New York Appellate Court Affirms PCP Not Entitled To Summary Judgment Where Patient Died In Nursing Home

The Supreme Court of the State of New York Appellate Division: Second Judicial Department (“New York Appellate Court”) affirmed in its Decision & Order dated September 16, 2020 that the decedent’s primary care physician was not entitled to summary judgment in a New York medical malpractice nursing home negligence case.

The New York Appellate Court stated, “the plaintiff submitted an affirmation from an expert which raised a triable issue of fact as to the nature of the physician/patient relationship between Khokhar [the defendant primary care physician] and the decedent while she was at OLOC [the defendant nursing home], specifically, whether Khokhar was still a treating physician of the decedent while she was at OLOC, since while she was there he performed a physical exam of her and did an assessment and plan which included orders for x-rays and a complete blood count … the affirmation of the plaintiff’s expert, reasonably construed in a light most favorable to the plaintiff, was not speculative or conclusory, but rather sufficiently raised triable issues of fact as to whether Khokhar departed from accepted medical practice and whether his alleged departures were a proximate cause contributing to the decedent’s death.”

Dissenting Opinion

The dissent stated: “In my view, the record demonstrates that the plaintiff failed to establish a triable issue of fact as to the proximate cause between the alleged departures of Khokhar from good and accepted medical practice and the decedent’s death.” The dissenter argued: “On her admission to OLOC, the decedent’s primary care physician was Alice Kolasa. Throughout the decedent’s admission to OLOC, Kolasa remained her primary care physician, even though other physicians examined and treated the decedent during her stay … During her 19-day stay at OLOC, the decedent was only seen once by Khokhar, while he was serving as a covering, per diem physician. The decedent’s family asked Khokhar to see the decedent solely with respect to her complaints pertaining to her neck and ribs. When Khokhar saw the decedent for these complaints, he ordered cervical spine and rib x-rays and a complete blood count (hereinafter CBC), which all had negative results. Later in her admission to OLOC, and after she had been seen by Khokhar, the decedent’s condition deteriorated … Khokhar, who was the decedent’s treating physician during her admission at the hospital, ceased to function in that role upon her transfer to OLOC on May 11, 2009 … it was not until after the decedent was admitted to OLOC that her condition started to deteriorate.”
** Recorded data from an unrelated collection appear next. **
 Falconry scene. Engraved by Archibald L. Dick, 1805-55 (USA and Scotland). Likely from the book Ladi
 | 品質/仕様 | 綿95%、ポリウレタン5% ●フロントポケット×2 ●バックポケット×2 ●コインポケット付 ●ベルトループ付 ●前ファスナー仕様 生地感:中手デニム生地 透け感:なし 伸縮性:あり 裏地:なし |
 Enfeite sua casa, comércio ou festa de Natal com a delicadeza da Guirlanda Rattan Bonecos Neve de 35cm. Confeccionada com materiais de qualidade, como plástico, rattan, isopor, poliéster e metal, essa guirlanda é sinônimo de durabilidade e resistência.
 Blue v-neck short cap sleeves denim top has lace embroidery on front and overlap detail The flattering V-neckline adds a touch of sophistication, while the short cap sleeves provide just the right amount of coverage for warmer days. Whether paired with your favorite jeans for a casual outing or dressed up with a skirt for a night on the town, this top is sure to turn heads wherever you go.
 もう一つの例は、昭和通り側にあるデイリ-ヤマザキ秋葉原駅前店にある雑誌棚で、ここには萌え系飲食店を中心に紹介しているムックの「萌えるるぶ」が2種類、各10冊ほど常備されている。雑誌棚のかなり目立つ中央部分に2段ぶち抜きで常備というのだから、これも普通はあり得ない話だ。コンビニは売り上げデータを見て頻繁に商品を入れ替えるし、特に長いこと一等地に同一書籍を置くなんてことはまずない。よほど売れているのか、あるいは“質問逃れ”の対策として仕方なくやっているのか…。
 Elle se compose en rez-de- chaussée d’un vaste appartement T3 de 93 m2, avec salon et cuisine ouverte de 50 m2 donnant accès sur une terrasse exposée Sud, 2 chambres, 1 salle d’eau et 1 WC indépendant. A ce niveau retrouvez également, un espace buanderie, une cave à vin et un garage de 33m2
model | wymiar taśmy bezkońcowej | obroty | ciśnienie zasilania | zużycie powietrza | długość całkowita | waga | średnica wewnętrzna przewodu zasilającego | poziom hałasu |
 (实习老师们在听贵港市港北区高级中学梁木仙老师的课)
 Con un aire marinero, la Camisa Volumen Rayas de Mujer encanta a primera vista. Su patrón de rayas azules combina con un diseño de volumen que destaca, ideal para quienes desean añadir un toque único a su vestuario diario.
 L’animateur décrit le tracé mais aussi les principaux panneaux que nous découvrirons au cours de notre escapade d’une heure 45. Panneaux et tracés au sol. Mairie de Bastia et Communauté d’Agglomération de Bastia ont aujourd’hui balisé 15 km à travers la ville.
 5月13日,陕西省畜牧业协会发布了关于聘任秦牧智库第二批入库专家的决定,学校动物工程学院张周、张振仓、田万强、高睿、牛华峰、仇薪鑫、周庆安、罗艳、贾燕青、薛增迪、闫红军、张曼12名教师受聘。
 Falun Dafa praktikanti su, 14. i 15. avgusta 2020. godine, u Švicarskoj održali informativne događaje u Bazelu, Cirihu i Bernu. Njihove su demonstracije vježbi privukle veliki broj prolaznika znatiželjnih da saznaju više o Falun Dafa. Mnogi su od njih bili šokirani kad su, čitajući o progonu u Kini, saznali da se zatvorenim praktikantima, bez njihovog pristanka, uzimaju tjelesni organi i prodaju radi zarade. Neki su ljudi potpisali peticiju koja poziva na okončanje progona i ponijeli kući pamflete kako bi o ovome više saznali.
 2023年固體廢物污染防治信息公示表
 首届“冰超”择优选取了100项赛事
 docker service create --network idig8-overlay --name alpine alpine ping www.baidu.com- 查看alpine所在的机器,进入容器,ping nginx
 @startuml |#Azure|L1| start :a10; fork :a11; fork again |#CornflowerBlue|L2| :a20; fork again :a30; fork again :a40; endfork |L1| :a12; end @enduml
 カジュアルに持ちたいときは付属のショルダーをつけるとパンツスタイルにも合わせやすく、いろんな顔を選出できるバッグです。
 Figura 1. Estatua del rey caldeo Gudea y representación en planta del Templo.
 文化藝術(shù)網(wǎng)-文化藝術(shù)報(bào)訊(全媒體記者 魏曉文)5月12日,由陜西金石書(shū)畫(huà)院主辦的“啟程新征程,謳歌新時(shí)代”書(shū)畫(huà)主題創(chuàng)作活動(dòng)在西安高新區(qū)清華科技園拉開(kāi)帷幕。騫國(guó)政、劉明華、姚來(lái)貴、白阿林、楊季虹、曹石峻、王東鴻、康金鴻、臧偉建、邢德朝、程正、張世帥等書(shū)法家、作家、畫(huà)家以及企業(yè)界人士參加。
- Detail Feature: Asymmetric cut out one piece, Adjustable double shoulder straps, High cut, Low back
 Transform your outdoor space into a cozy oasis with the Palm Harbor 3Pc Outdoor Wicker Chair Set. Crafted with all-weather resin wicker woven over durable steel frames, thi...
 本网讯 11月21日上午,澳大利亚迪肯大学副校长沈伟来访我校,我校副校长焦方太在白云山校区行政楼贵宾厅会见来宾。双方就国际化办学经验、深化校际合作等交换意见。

“Khokhar was not involved in any way in the decedent’s care or treatment from the date of her discharge from the hospital until May 27, 2009, 16 days later, when he saw her for the first and only time at OLOC. At that time, Khokhar saw the decedent in the capacity of a covering, per diem physician. He was not her treating or attending physician. He saw the decedent because of her complaints of neck and rib pain. He conducted a focused examination relating only to those complaints, ordered x-rays of the cervical portion of her spine and her ribs, which were negative, and ordered a CBC, which showed a normal white blood cell count; to wit: no infection. The decedent was otherwise asymptomatic when seen by Khokhar for those specific complaints. Since the OLOC medical records reflected that the decedent’s throat infection and nutrition and hydration already were being addressed by Kolasa as the attending physician, Khokhar appropriately deferred to Kolasa and her team with respect to those issues.”

“Although the plaintiff argues that Khokhar had an obligation to note pressure ulcers found on the decedent, such notations would have, at best, been cumulative to the notes and findings made by Kolasa and her staff prior to May 27, 2009 … There is absolutely no basis articulated by Yurberg [plaintiff’s expert] as to how and why Khokhar’s limited role in addressing the decedent’s specific complaint imposed upon him the obligation of attending physician for the decedent’s total care. Khokhar was at OLOC on May 27, 2009, solely to address the decedent’s immediate complaints of neck and rib pain. He did so by ordering x-rays of the cervical portion of the decedent’s spine and her ribs and by ordering a CBC, all of which were negative … the fact that the decedent had been diagnosed and treated at the hospital before her discharge and by Kolasa during the 16 days prior to Khokhar’s limited, focused examination of the decedent, there has been no proof or claim offered that the decedent’s outcome would have been different had Khokhar treated her as Yurberg suggests.”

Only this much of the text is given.